*** Block opens ***

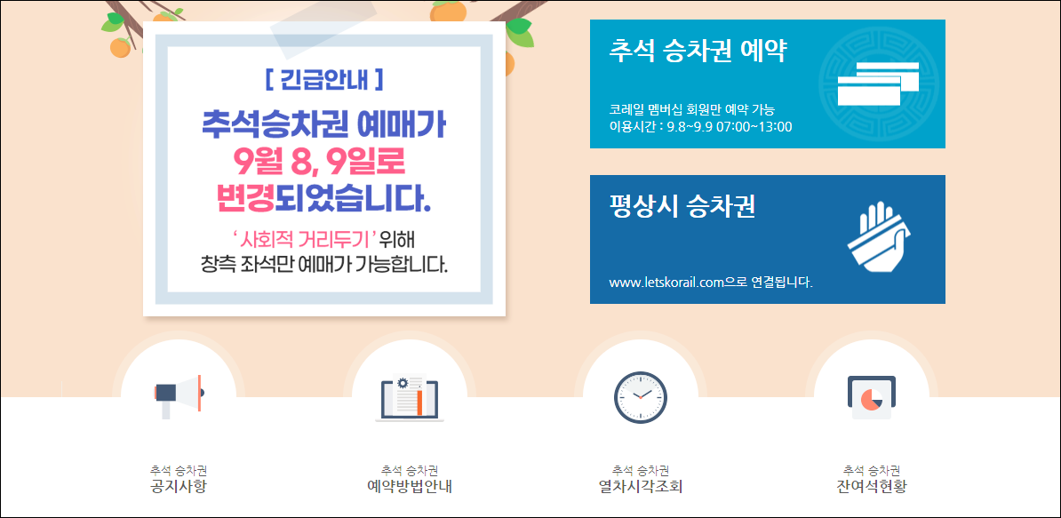 코로나 재확산으로 어수선하고 잘 못하면 명절에 고향을 가지 못하는 경우도 발생할 수 있습니다. 그래도 확진자 수가 줄어 들고 있어 미리 2020 추석 기차표를 예매로 준비하시기 바랍니다.
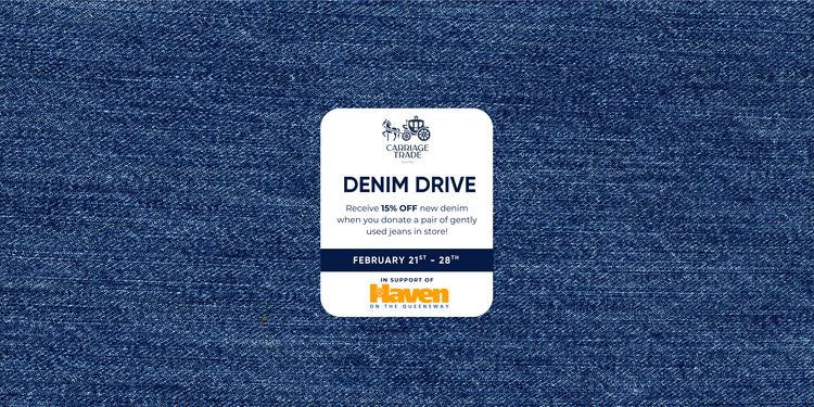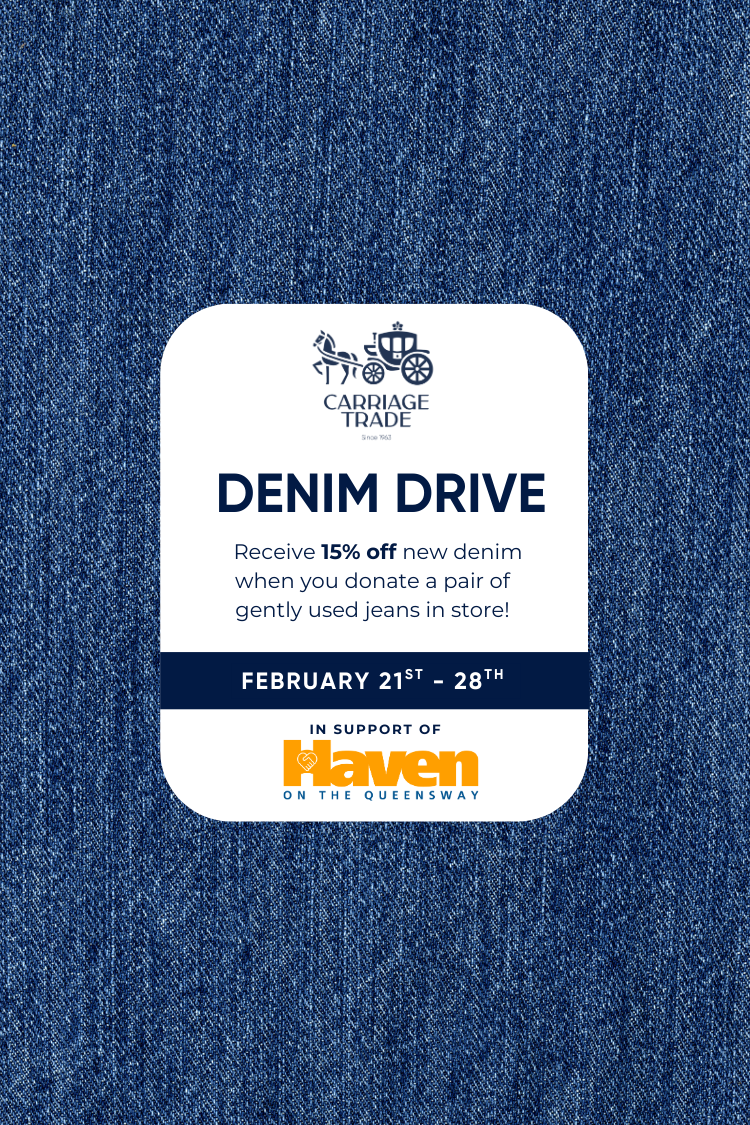 Swap your old denim for a fresh fit, and help us make a difference! From February 21st to the 28th, bring in a pair of gently used jeans and get 15% off a brand-new pair. It’s a win-win: you get a new fit, and you help outfit women in need through our partnership with Haven on the Queensway! Since 2009, Haven on the Queensway has been empowering local families, seniors, and those experiencing homelessness, and we’re so proud to be part of their mission. Ready to give back? Donate your old denim and score a stylish, feel-good...
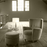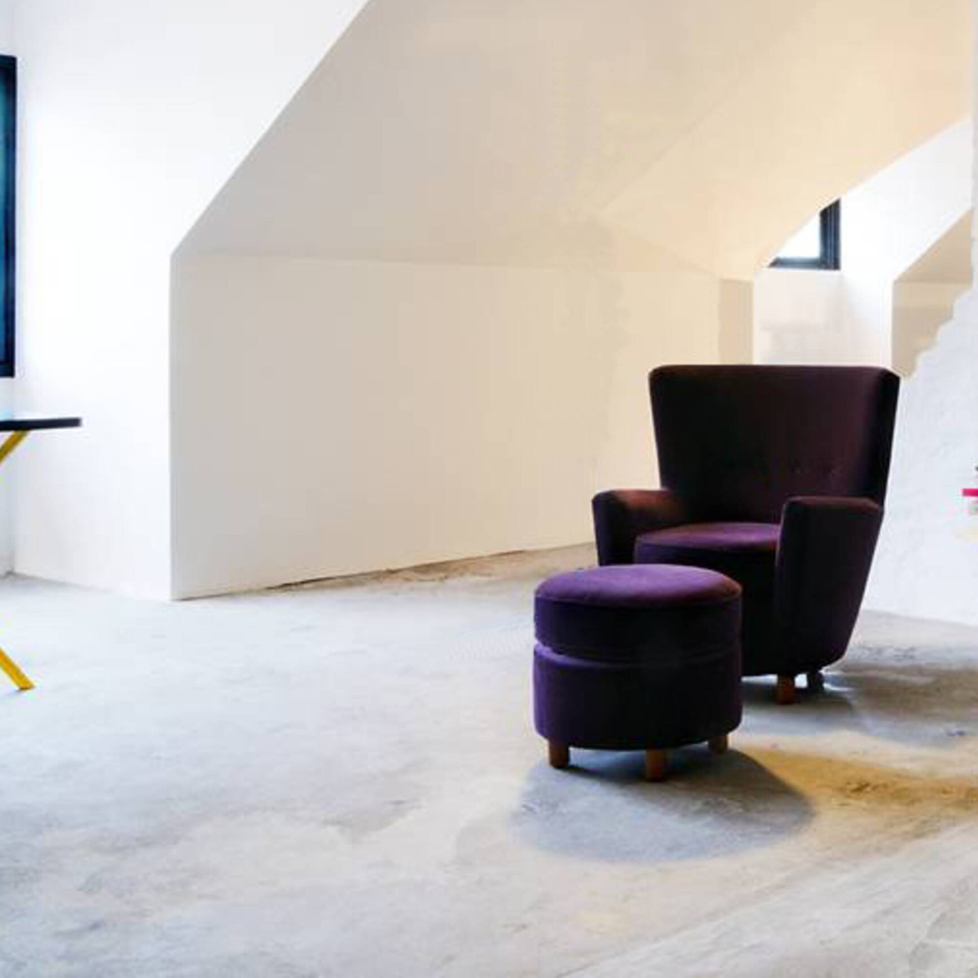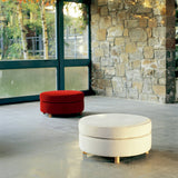 Stretch out in comfort with Santa & Cole's rounded ottoman to pair with its similarly contoured Moragas Armchair (also at A+R). Noted postwar architect Antoni de Moragas Gallissà designed only a few pieces of furniture in his lifetime and all are now considered classics. The footrest also doubles as an extra seat for guests, with hand-finished upholstery in a range of fine fabrics to match the chair.
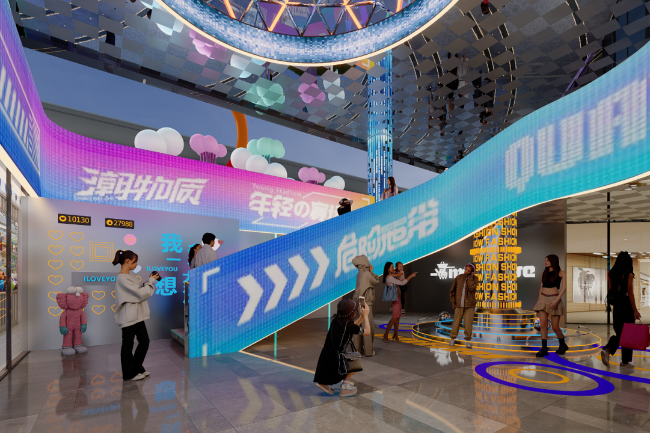 商場樓層布置上,定期更換的藝術(shù)美陳,并一應(yīng)俱全地滿足消費(fèi)者“逛吃”購買和打卡拍照的需求,進(jìn)一步達(dá)成“二次元+零售+美食+潮玩”的跨界合作。
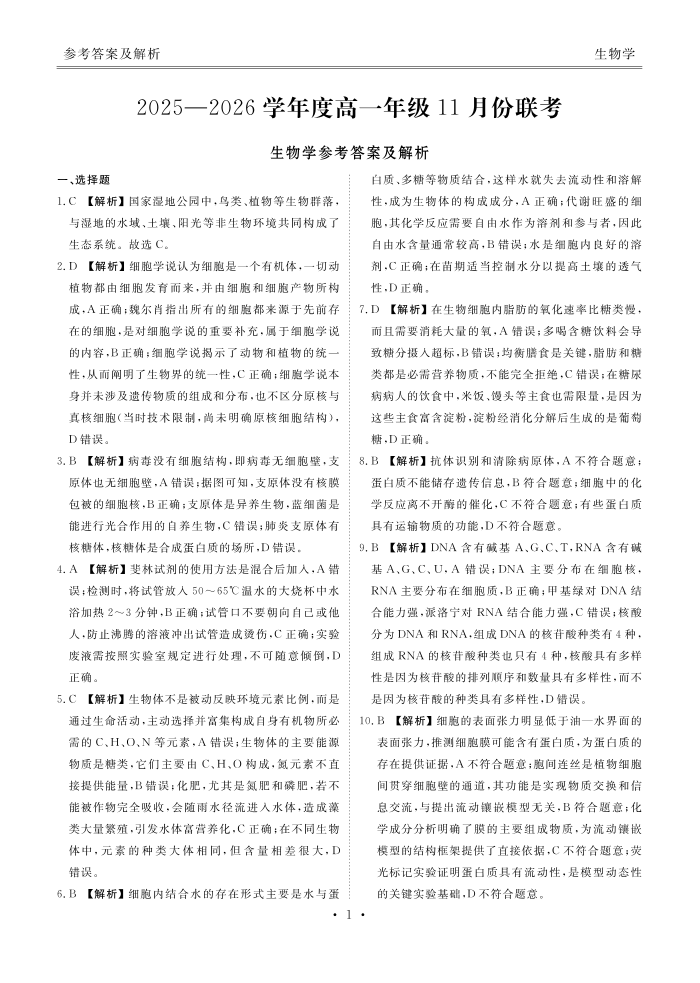 2025-2026学年度高一年级11月份联考 生物答案.pdf

*** Block closes ***

YOUR TASK: Please set down only the lines from the one containing "商場樓層布置上,定期更換的藝" through the end of the entries, exactly as they stand, both ends included and with no pictures.

ANSWER BOX:
 商場樓層布置上,定期更換的藝術(shù)美陳,并一應(yīng)俱全地滿足消費(fèi)者“逛吃”購買和打卡拍照的需求,進(jìn)一步達(dá)成“二次元+零售+美食+潮玩”的跨界合作。
 2025-2026学年度高一年级11月份联考 生物答案.pdf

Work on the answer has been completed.